Hard and Clearly About What Hurts
Location
I've always loved writing, putting pen down to paper,
When high school hit it became second nature.
In an instant it went from a little to a lot
Like an addiction, but unlike my peers it wasn't pot.
Instead I found a tiny black book
And opened it up to take a small look.
What lay before me was endless pages
Without another thought I began to fill it with rages:
Why that boy had been so mean
And for nights on end I cried and screamed
For that love I'd lost with my best friend,
Guess he's just another boy now- who knew that would end.
I wrote about the dangers that lurked in the world
And the fears that made me want to stay in my bed all curled.
Why did men call to us on the streets,
Was it a game to them? Are we just meat?
And why were people all over being shot
Because their skin color was different than the cop.

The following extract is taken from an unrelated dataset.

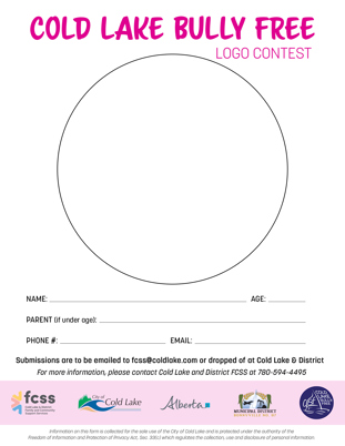 Entry forms are available at Cold Lake and District FCSS or online at coldlake.com. Entries will be judged by the Cold Lake Bully Free Committee.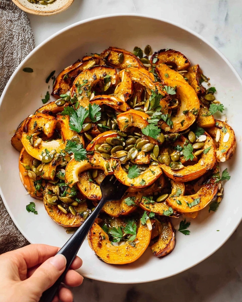 Lay the roasted delicata squash on a serving platter. Drizzle the warm brown butter sauce over the top and scatter toasted pepitas and chopped parsley for freshness and crunch. Finish with an extra sprinkle of flaky sea salt—this final touch will make every bite sing.

Why was a head scarf used as a sign of terror
When it really represents five times a day prayer.
I wrote about what hurt, clearly and hard
Like Hemingway suggested, using what leaves me scarred.
But a miraculous thing happened, it stopped hurting so much
The more transparent my writing, the stronger the touch.
I was using the ugly, the horrid, distasteful
To make something aesthetic, touching and graceful.
The heavy emotion behind the words could stay
But it would lift the weight in my heart high away.
In some odd way I felt I was a larger part
Of what, I didn't know, but at least it was a start.
And that's why it was poetry that I chose to start writing,
It was my way to conquer problems and shed some lighting
On the deepest dilemmas that lay at the root
Of all causes in which I'd no longer stay mute.